В приведенных сейчас рассуждениях Цицерона фигурирует одно понятие, которое имело значение и в предыдущей античной эстетике, но которому суждено сыграть максимальную роль при построении последующей античной эстетики, а именно в эстетике неоплатонизма. Это - понятие мудрости. Здесь имеется в виду вовсе не человеческая мудрость, хотя и эта последняя ставится весьма высоко, и это даже вовсе не просто мудрость богов (хотя такого рода мудрость и будет трактоваться как предел всякой мудрости). Это - мудрость самого космоса, который изобилует богатством своих проявлений и оказывается живой, нераздельной и вечной целостностью, определяющей собою все частичное, что есть в космосе, причем все это частичное отражает на себе совершенство, красоту и цельность всего космоса, взятого в завершенном виде. Исторически эти рассуждения Цицерона о мудрости, то есть о будущем софийном бытии (латинская sapientia есть греческая sophia), безусловно являются пророчеством целой великой эпохи античной эстетики, причем не только в плане простой интуиции, но во многих пунктах также и рефлективно-философских.
Чтобы не удлинять изложения, мы не будем приводить здесь других рассуждений Цицерона на ту же тему. Однако нельзя не отметить (хотя бы формально) еще одного выдающегося места из Цицерона (Tusc. I 28, 68-70), где тоже дается величественная картина мироздания с красотой ночного неба, моря, с картинами расцветающей земли и с необходимостью идеи творца мироздания, возникающей в уме человека при созерцании космических красот.
5. Итог
а) Таким образом, то, что мы говорили выше о "Сновидении Сципиона", не есть ни просто платонизм, ни просто аристотелизм, но совершенно особая космологическая концепция, в которой можно найти элементы разных философских систем, но отнюдь не являющихся, как это обычно думают, простым эклектизмом. Это - вполне специфическая эстетика, не сводимая ни на какую другую античную эстетическую систему.
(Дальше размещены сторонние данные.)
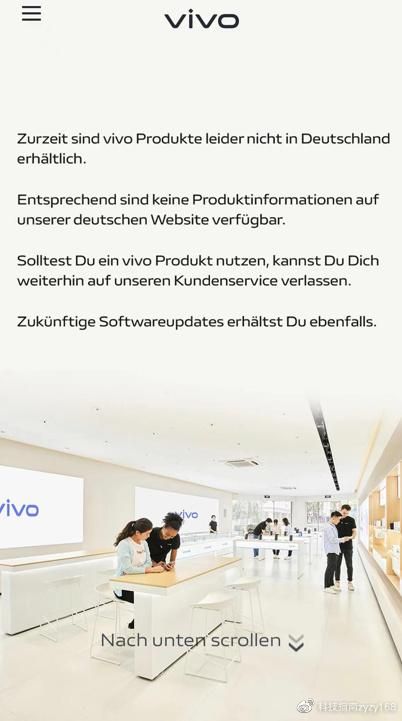 根据vivo德国官网5月30日的消息,vivo已决定暂时停止在德国市场销售产品。vivo德国官网显示:“不幸的是,vivo产品目前在德国无法获得,因此,我们的德国网站上没有产品信息。如果您使用的是vivo产品,您仍然可以依靠我们的客户服务,您还将收到未来的软件更新。”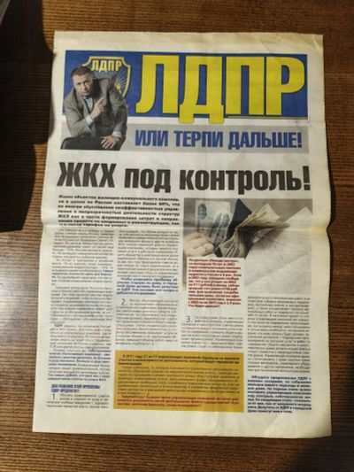 350руб.Агит газета ЛДПР от 14092012г и от 28.09.2012 годов - цена за 1шт

Но если вернуться к оставленному нами "Сновидению Сципиона", то можно сказать еще и больше того.
б) Во-первых, если мы уже много раз говорили о субъективном имманентизме эллинистически-римской эстетики, то в "Сновидении Сципиона" он выражен особенно ярко. Не только божество объявлено здесь пределом всякого разума и разумной деятельности, но и сам человек, эта разумная ступень в общекосмической иерархии, тоже оказывается божественным, и притом не только божественным, но и прямо богом;
"...дерзай и запомни: не ты смертен, а твое тело. Ибо ты не то, что передает твой образ. Нет, разум каждого - это и есть человек, а не тот внешний вид, на который возможно указать пальцем. Знай же, ты - бог, коль скоро бог - тот, кто живет, кто чувствует, кто помнит, кто предвидит, кто повелевает, управляет и движет телом, которое ему дано, так же, как этим вот миром движет высшее божество. И подобно тому как миром, в некотором смысле смертным, движет само высшее божество, так бренным телом движет извечный дух" (VI 24, 26).
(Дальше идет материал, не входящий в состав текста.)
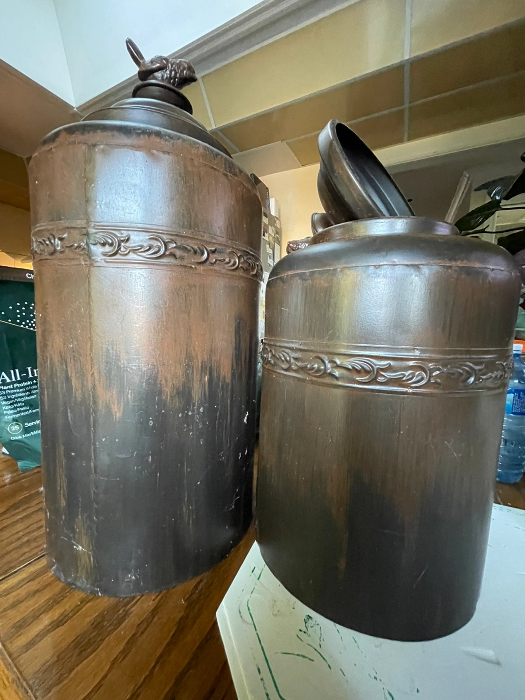 Selling a set of two vintage bronze-coloured storage canisters. They have a unique design with decorative detailing around the top. Perfect for adding a touch of vintage charm to your kitchen or pantry!
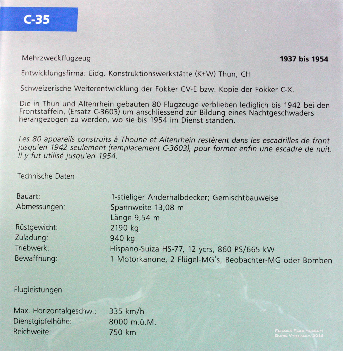 Назначение самолёта, названного С-35, не сильно отличалось от голландского - швейцарский вариант должен был выполнять функции тяжелого истребителя, ближнего разведчика и самолёта непосредственной поддержки войск. Благо, ТТХ С-35 заметно выросли - максимальная скорость составила 335 км\ч, потолок - 8000 метров. В этом отношении самолёт был схож с новейшим представителем семейства "Фоккер"— самолетом Fokker С.X.

Красочно говорится у Цицерона и о том, что повеление Аполлона: "Познай самого себя" - относится вовсе не к телу и фигуре человека, а к его душе, поскольку тело есть только "сосуд или какое-то вместилище души" (Tusc. I 22, 52). Имманентизм стоического платонизма ярко выражен у Цицерона в таких словах:
"Итак, душа, по моему мнению, божественна, или, по мнению Еврипида, - бог: и если бог есть дух или огонь, то душа человека то же самое" (I 26, 65).
Получается интересное достижение эллинистически-римского субъективного имманентизма: бог превыше всего, но я со своим разумом тоже превыше всего, следовательно, я тоже бог. Это не значит, что человек не несет никаких обязанностей. Наоборот, именно его космическая божественность как раз и налагает на него неотъемлемые обязанности. Людям "дана душа из тех вечных огней, которые вы называете светилами и звездами", наделенными "душами и божественным умом". Поэтому все люди, верные своему долгу, "должны держать душу в тюрьме своего тела", и им нельзя уйти из человеческой жизни, "дабы не уклониться от обязанности человека, возложенной божеством" (VI 15, 15).
в) Во-вторых, Цицерон приводит в "Сновидении" весьма отчетливую платоно-аристотелевскую аргументацию о необходимости признавать такое начало, которое над собой уже не имеет никакого другого начала: всякая вещь зависит от другой вещи, другая - от третьей и т.д.; но если мы действительно хотим объяснить движение вещи, то это значит, что где-то имеется такая вещь, которая движет себя, уже самой же собой (VI 25, 27).